3. Specwright Prevents Bugs¶

doc = DocumentReview()
doc.publish()  # Can't publish a draft!
# InvalidTransitionError: Cannot transition from 'draft' to 'published'
# via 'publish'. Valid source state(s): approved

The LLM can't introduce a bug where a draft gets published without review — the state machine makes it structurally impossible.

Tips for LLM Prompts¶

When asking an LLM to implement Specwright-decorated functions:

Do: Include the Full Decorator Stack¶

Implement the following function. The decorators define the contract —
follow the type hints, docstring, and test requirements exactly.

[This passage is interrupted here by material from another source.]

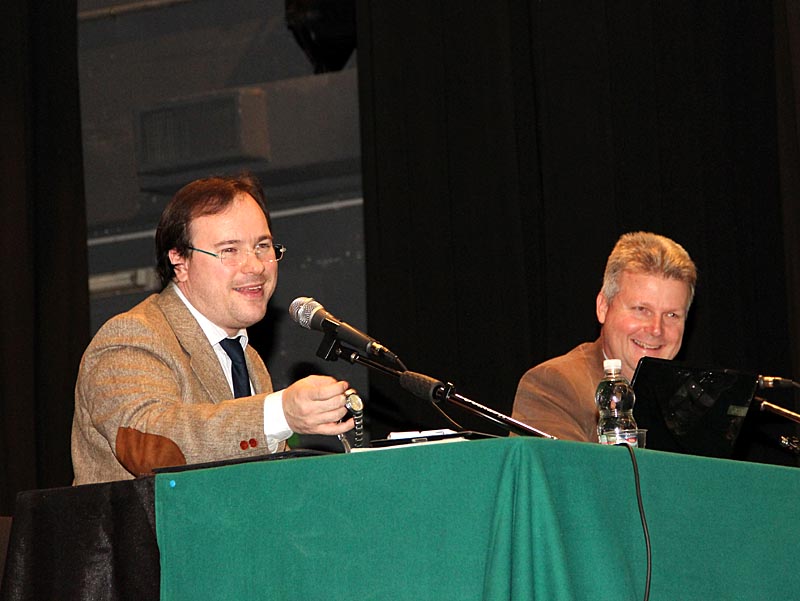 moderarŕ Federico Vicario, president de Societât Filologjiche Furlane. Fra
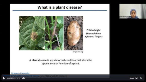 In this webinar, the speaker introduced her Plant Pathology laboratory in Okayama University. In her presentation entitled “Endogenous suppressor in Arabidopsis thaliana plays a role in the trade-off between growth and defense”, Aprilia Nur Fitrianti explained the basic principles of attack by infectious microbes (pathogen) on plants. She said that many studies on pathogens have been carried out, but the mechanism of how plants respond to these attacks is still rare. Therefore, she was interested in investigating this mechanism by using the model plant Arabidopsis thaliana. This research is a valuable breakthrough in the field of interaction between plants and microbes. In addition, these findings also open new perspectives on the mechanisms of immunity in plants.

@requires_tests(happy_path=True, edge_cases=["empty"])
@spec
def process(items: list[str]) -> dict:
    """Process a list of items into a frequency dict."""
    ...

Do: Ask for Tests That Match Requirements¶

Also write the tests. The @requires_tests decorator expects these
test function names: test_process_happy_path, test_process_empty

Don't: Let the LLM Change the Spec¶

The spec is the human's domain. If an LLM suggests changing type hints, adding parameters, or modifying the docstring, that's a conversation — not an automatic change.

Using the CLI with LLMs¶

The specwright new command generates stubs that are perfect for LLM handoff:

specwright new function search_users \
    --params "query: str, limit: int" \
    --returns "list[dict]"

This creates search_users.py with the spec already defined. Hand the file to an LLM with:

Fill in the implementation for search_users.py. Follow the type hints
and docstring exactly. Also complete the test file test_search_users.py.

The LLM writes code, you run specwright validate, and the framework tells you if everything checks out.